## Action item
Any pictures in the records below must be left out when you repeat the lines from the line containing "AİŞE TESETTÜR Karamel" through the line containing "大清乾隆年制雕刻青龙白虎朱雀玄武四灵渣斗尊" exactly.

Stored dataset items
⁂
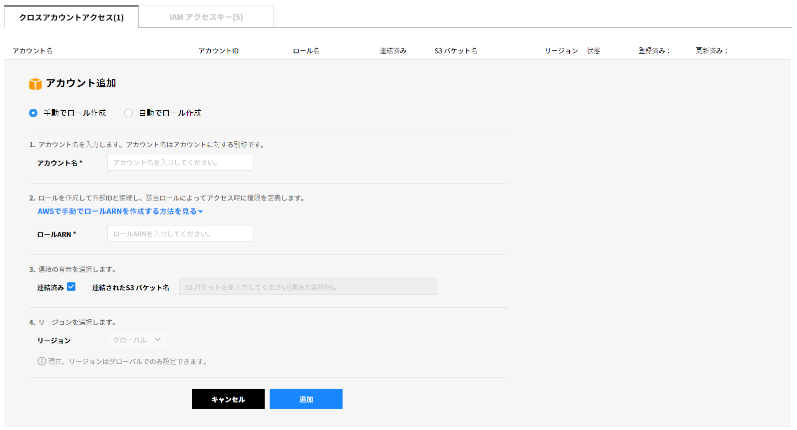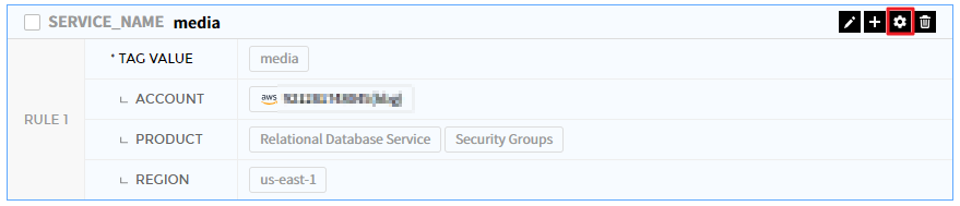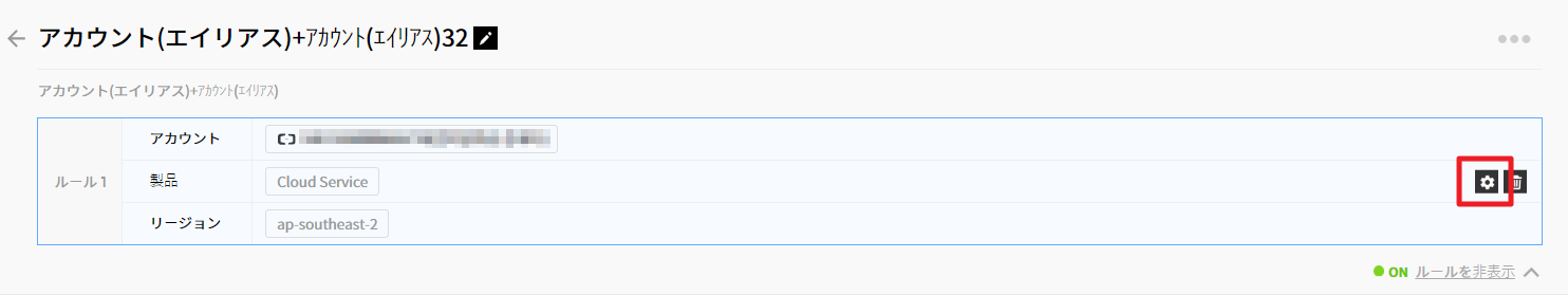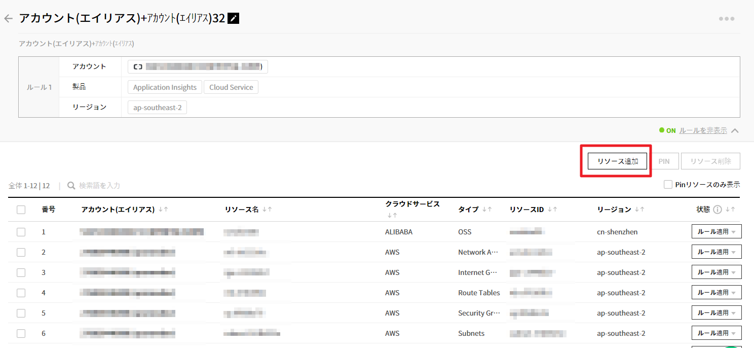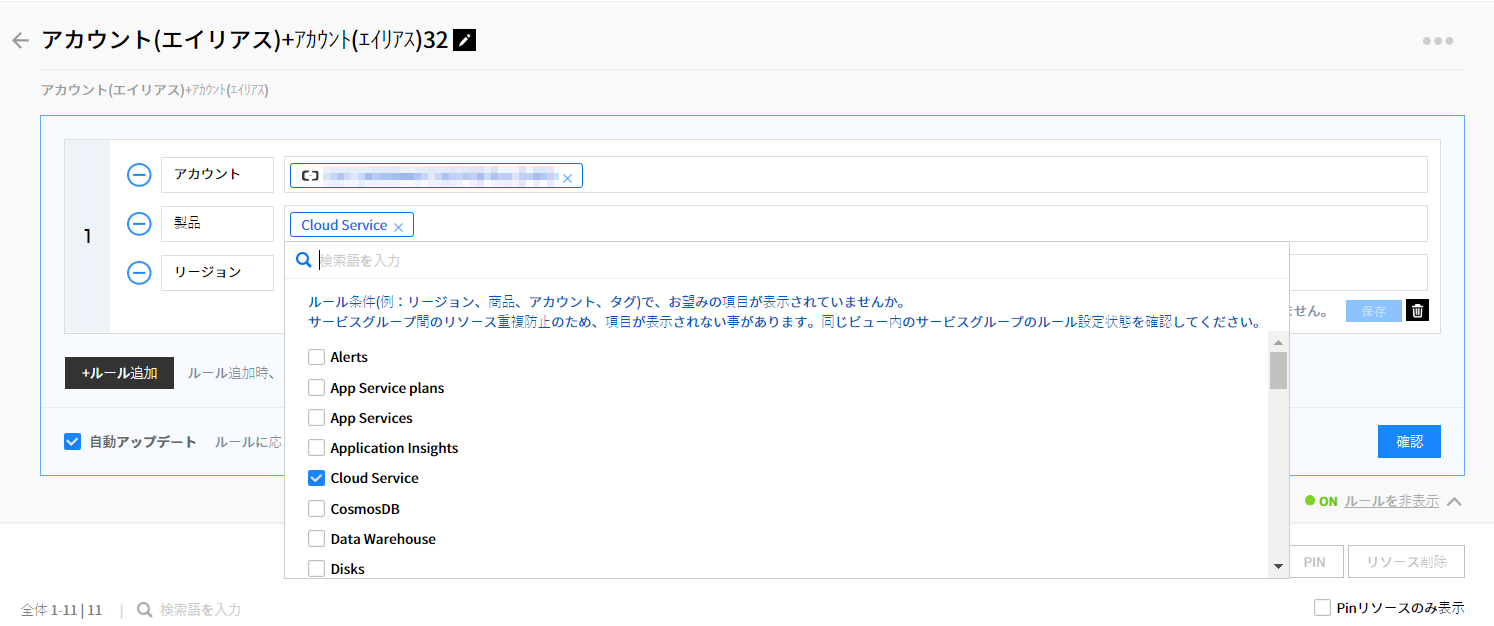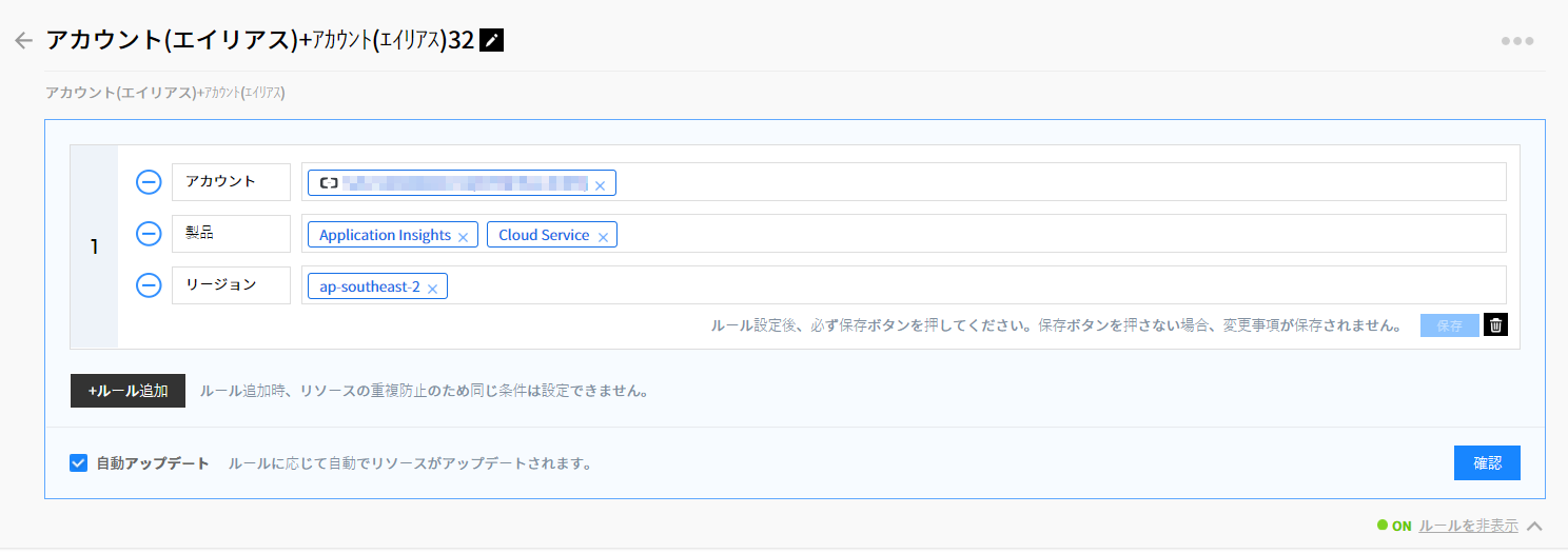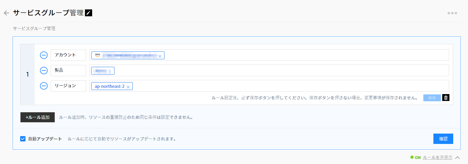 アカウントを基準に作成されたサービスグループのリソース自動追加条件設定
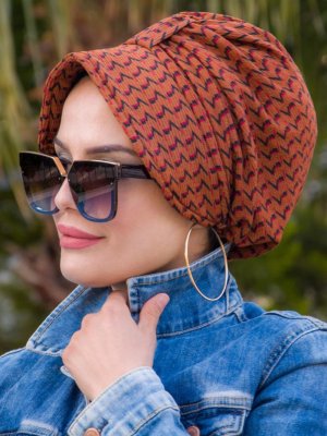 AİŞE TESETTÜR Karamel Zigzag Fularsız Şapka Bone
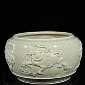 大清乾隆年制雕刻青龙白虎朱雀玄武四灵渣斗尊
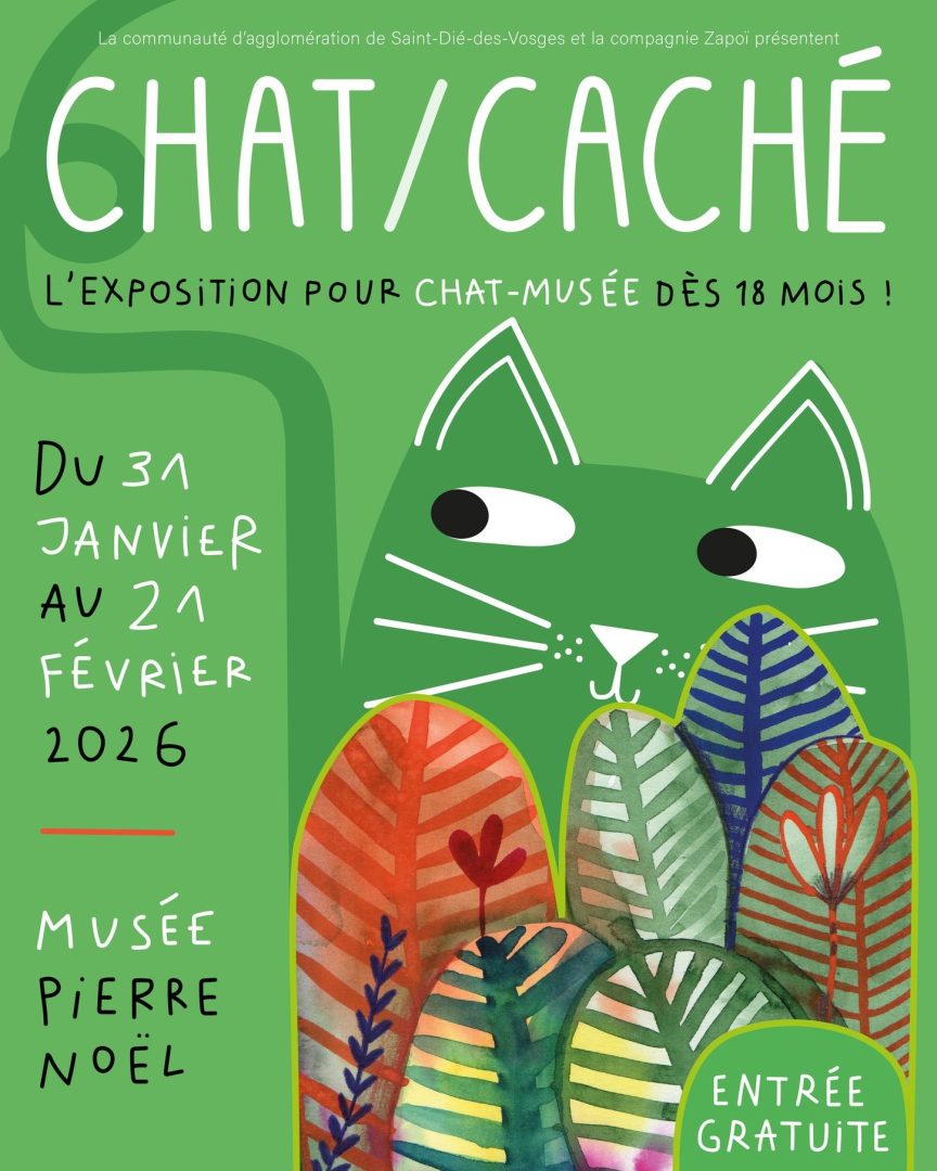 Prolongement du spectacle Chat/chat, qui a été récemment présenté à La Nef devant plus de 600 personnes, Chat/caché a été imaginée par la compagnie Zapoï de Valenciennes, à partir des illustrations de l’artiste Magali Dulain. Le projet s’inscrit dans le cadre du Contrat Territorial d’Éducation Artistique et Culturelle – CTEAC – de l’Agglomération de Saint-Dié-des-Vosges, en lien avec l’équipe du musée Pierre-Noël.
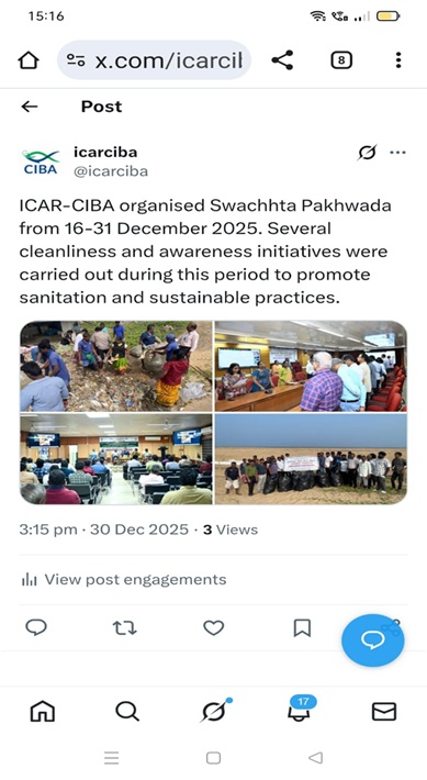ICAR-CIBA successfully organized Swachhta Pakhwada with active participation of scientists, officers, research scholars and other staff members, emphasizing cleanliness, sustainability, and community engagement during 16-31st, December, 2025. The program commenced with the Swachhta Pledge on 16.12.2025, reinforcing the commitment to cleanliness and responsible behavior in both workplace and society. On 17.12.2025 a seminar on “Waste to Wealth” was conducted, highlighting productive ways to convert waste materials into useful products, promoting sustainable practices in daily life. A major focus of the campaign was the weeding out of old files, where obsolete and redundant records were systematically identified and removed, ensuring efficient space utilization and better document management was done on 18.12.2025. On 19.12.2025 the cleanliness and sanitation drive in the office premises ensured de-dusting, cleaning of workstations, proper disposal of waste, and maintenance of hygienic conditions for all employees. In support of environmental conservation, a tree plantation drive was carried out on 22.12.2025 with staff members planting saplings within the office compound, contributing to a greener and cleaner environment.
⁂
## Answer box
 AİŞE TESETTÜR Karamel Zigzag Fularsız Şapka Bone
 大清乾隆年制雕刻青龙白虎朱雀玄武四灵渣斗尊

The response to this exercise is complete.